Joaquin Niemann was cruising along Thursday as the sun set over the east end of Long Island. He had opened this U.S. Open at Shinnecock Hills with two bogeys and two birdies through his first 14 holes and was squarely in the thick of the early tournament picture.
Then, the wheels came off. The LIV Golf pro arrived at the par-4 sixth and hit his first tee shot out of bounds to the right. He re-teed and blasted another tee ball OB to the right. His third tee shot landed in the fescue to the right. Niemann walked up to his ball and saw ants surrounding it. He asked a referee if they were fire ants and if he could get relief. He couldn’t. So he laid up, putting his sixth shot back into the fairway, and then Niemann lost his head, chucking his sand wedge 50 yards in frustration just after the horn sounded to stop play for darkness.

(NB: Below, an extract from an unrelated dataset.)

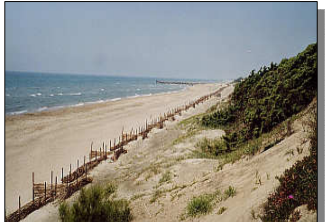
Opere di contenimento e consolidamento delle sabbie

Niemann eventually made a quintuple bogey 9 on the hole. On Friday morning, the USGA assessed him a two-stroke penalty for “serious misconduct,” turning that 9 into an 11.
“I was playing good golf. I got expectations. I would like to win this tournament, as anybody here,” Niemann said on Friday at Shinnecock Hills. “I work hard every day to give me the best chance of winning. I hit two terrible tee shots, came out of nowhere. Hitting the golf ball at 8:30 p.m., I felt like my body wasn’t quite there. I had a bad lie on the third tee shot in between the fairways, and it was a pretty bad lie.
“I saw a lot of ants there, and I was just asking the referee if they were fire ants, and like, he said, no. To be honest, I was pretty — I wasn’t angry asking him. I was pretty normal, pretty chill, because I knew I needed to keep going and try to shoot the lowest score possible. After that shot, I hit it, I lay up, and the whole frustration went inside me. … After I hit that shot, like all the frustration that came inside me and had my club in my hand, and I couldn’t resist to throw it away.”
A year after Wyndham Clark — who coincidentally leads this U.S. Open — chucked a club and almost hit a volunteer at the 2025 PGA Championship, Niemann said he made sure there were no people in the vicinity of where he hurled his club.
“There were no people, obviously. No one there,” Niemann said. “I’m not proud of it, but yeah, I mean, sometimes, you know, all the expectation of trying to play well and things doesn’t go your way, you get frustrated, and that was me there.
“I got pretty frustrated. I’m not someone that likes to be in that behaviour. I’m the first one to judge myself when I don’t behave on the golf course. That was a misbehaviour from my part. I felt like a little bit extra penalised with a two-shot penalty, but I think it is what it is. I think I’m going to learn from it. It definitely kind of helped me a little bit to have a better round today.”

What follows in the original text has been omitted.